When Erika Jayne, a dance music songstress who's had six number one Billboard hits, found herself on the cover of Billboard magazine last week, just in time for the Grammy's, it wasn't the result of a brilliant stroke of good luck. Instead, it was the culmination of a lifetime of hard work, planning and reinvention. It turns out, being a pop star isn't that different than being an entrepreneur.
The artist, who hit the dance club scene with 2007's "Rollercoaster," which quickly hit number one on Billboard's Hot Dance Club Play chart followed by "Stars," "Give You Everything," "Pretty Mess" and "One Hot Pleasure," doing the same in 2008, 2009, 2010, and 2011, respectively, on various Billboard dance charts, including the Hot Dance Club Songs chart.

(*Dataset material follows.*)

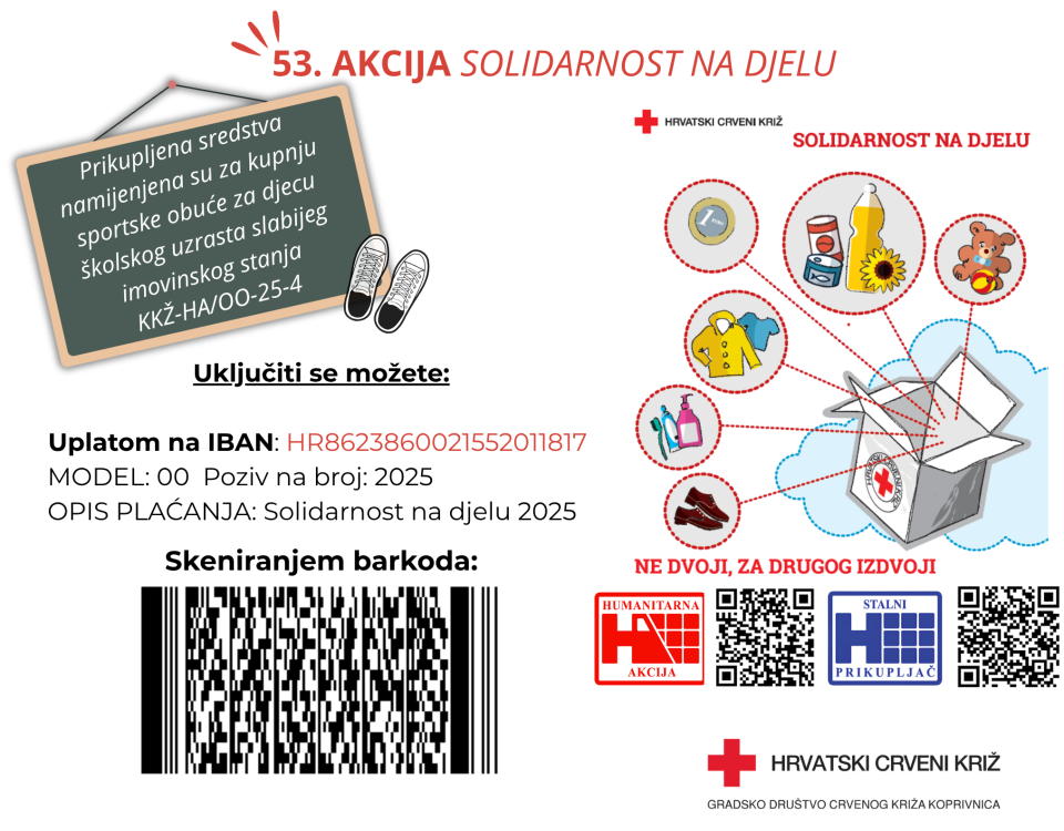14. listopada 2025. (utorak) akcija će se održati od 10 do 13 i od 13,30 do 17 sati u prostorijama Gradskog društva Crvenog križa Koprivnica, Herešinska 33.
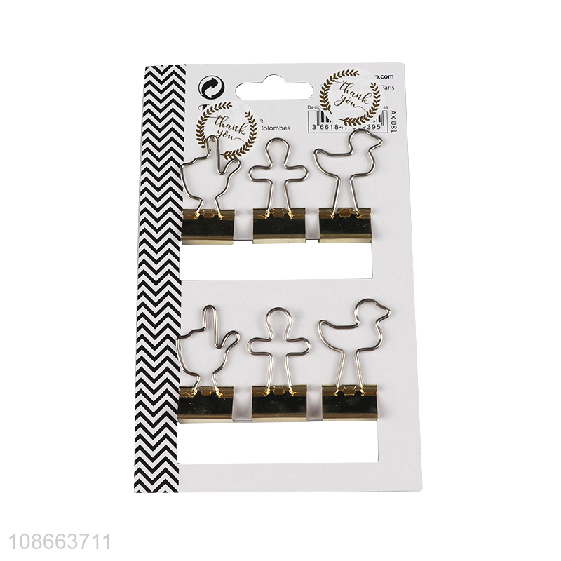 Good quality 6pcs creative metal file binding clips stationery clips

"This has exceeded my expectations wildly," the Atlanta-bred, Los Angeles-based singer said. "You dream of that, but you don't imagine it actually happening. I never thought I'd see drag queens dress like me or that I'd be headlining gay pride festivals either. It's beyond flattering. And it's so satisfying to know that I did it on my own with my own record label. It just makes me want to push it further and keep evolving and developing as an artist."
Jayne's road to success wasn't that different of many entrepreneurs or startup founders. She tells BusinessNewsDaily about her road to fame and how she dealt with rejection along the way.
BusinessNewsDaily: How many years did you work at becoming a well-known musician before finally getting some recognition?
Erika Jayne: I've always been a performer. When I was three years old I used to put on shows for my family in the living room and I’ve been going ever since. The last three years, though, have been terrific. It's great that more than the four people in the living room are listening to my songs now.
BND: Did you have to endure a lot of rejection along the way?
E.J.: Of course, without rejection the journey wouldn't be as rewarding.
BND: What was your mental approach to dealing with that and continuing to pursue your dream?
E.J.: You have to believe in yourself and not allow rejection to break your spirit. No one has it easy. At the end of the day, I love what I do and was always going to fight for it.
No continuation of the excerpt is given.